What’s more, Greene has the capability to paint pictures in simple sentences. For example, on in Elevate Your perspectives (law 6)
“In a world that is complex, with myriad dangers that loom in the future, our short term tendencies pose a continual threat to our well-being and as our attention spans decrease because of technology, the threat is even greater. In many ways we are defined by our relationship to time. When we simply react to what we see and hear, when we swing from excitement and exuberance to fear and panic at each new piece of dramatic news, when we hear our actions toward gaining as much pleasures as possible in the moment without a thought for future consequences, we can say that we are giving in our animal nature, to what is primitive and potentially destructive in our neurological makeup.” (Greene, 2018:161). Such paragraphs leaves us with moments to reflect on contemporary nature of human coexistence.
For further discussion:
On Narcissistic Spectrum, Greene argues that another level of narcissism exist in entrepreneurs and “for many of these leader types,” he argues that their instability and chaos will be mirrored in the company or group they lead. They cannot forge a coherent structure or organisation. Everything must flow through them.” (Greene,2018:46) This argument is double edged: on one hand, he argues that they can’t build organisations. Elon Musk, Steve Jobs, Larry Ellison, just to mention these three come to mind here. Although these business icons fall under this spectrum but one could argue that they created companies and, sometimes, coherence exists. Narcissism carries its own advantages and perhaps, it needs to be buoyed for one to know how to use it one's satisfaction.
Why Four Stars?
As a Greene fan, I would have loved to make this five stars. But, in comparison to his other works, I don’t think The Laws of Human Nature has that sharpness the other books carry. However, I’d still recommend it to friends who are particularly interested in finding the self and understanding the human in others.

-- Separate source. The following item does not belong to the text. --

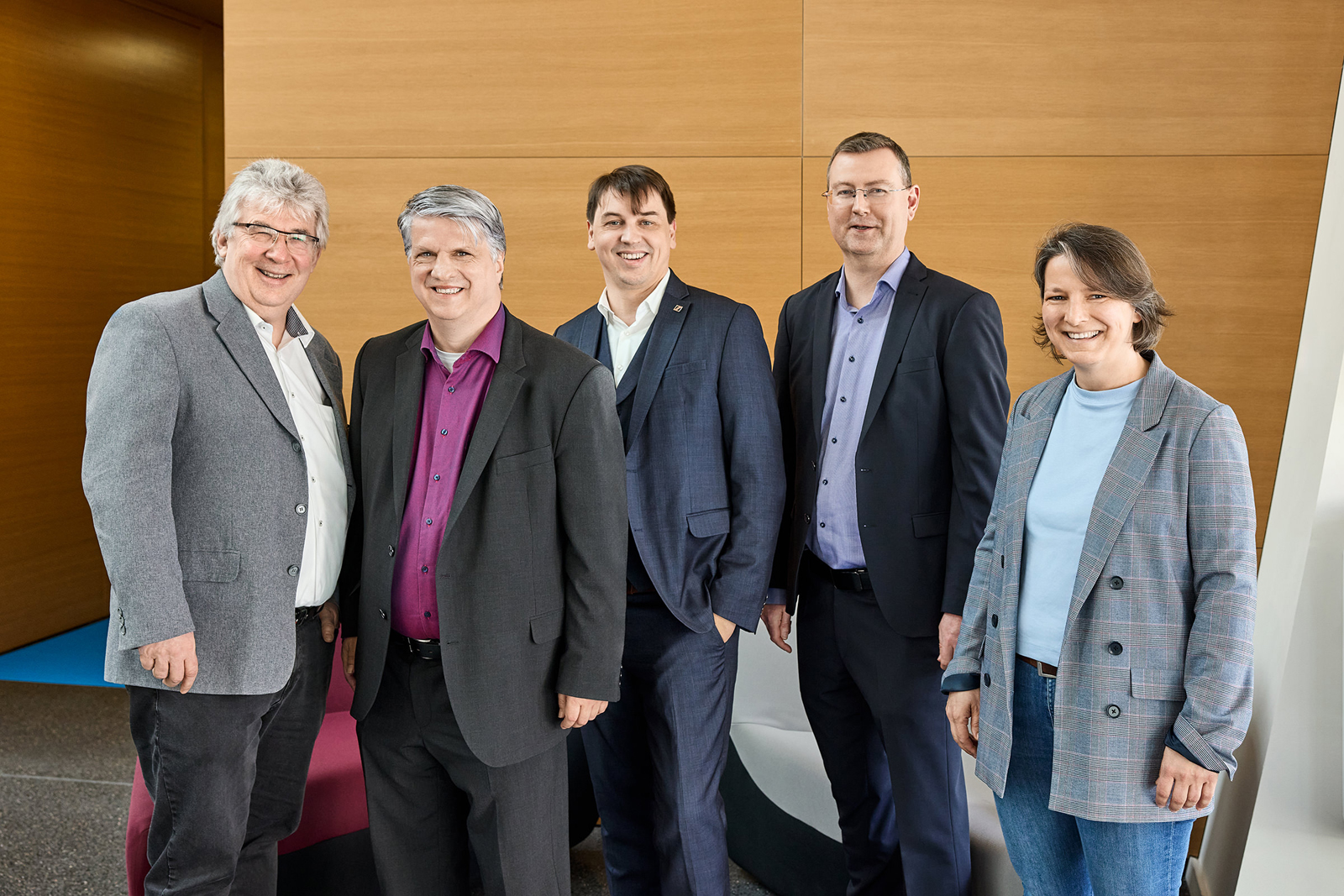 Учасники заключного семінару проєкту MERCI (зліва направо): д-р Вальтер Маттаух з Федерального міністерства економіки та захисту клімату, д-р Андреас Вільчек, генеральний керівник консорціуму та керівник колективу німецьких фахівців MERCI, Єнс Пільц, проєкт-менеджер MERCI, Жан Ауттерс, керівник колективу французьких фахівців MERCI, та д-р Анне Пелег-Рисаві, представник з німецької проєктної агенції DLR-PT

Well, Greene, as always in his works, leaves the reader to take his work as it is or leave it. Explaining a lot and leaving the audience to do the thinking themselves. There are a lot of open ended advices in the book but, overall, the book delivers it's message and shines a new light on features of human nature.
As Greene convalesces (after suffering from a fatal stroke), I wish him speedy recovery and more importantly, I’d give a piece of advice from his book: “people can recover much more quickly from illness through sheer desire and willpower.” I hope he recovers quickly.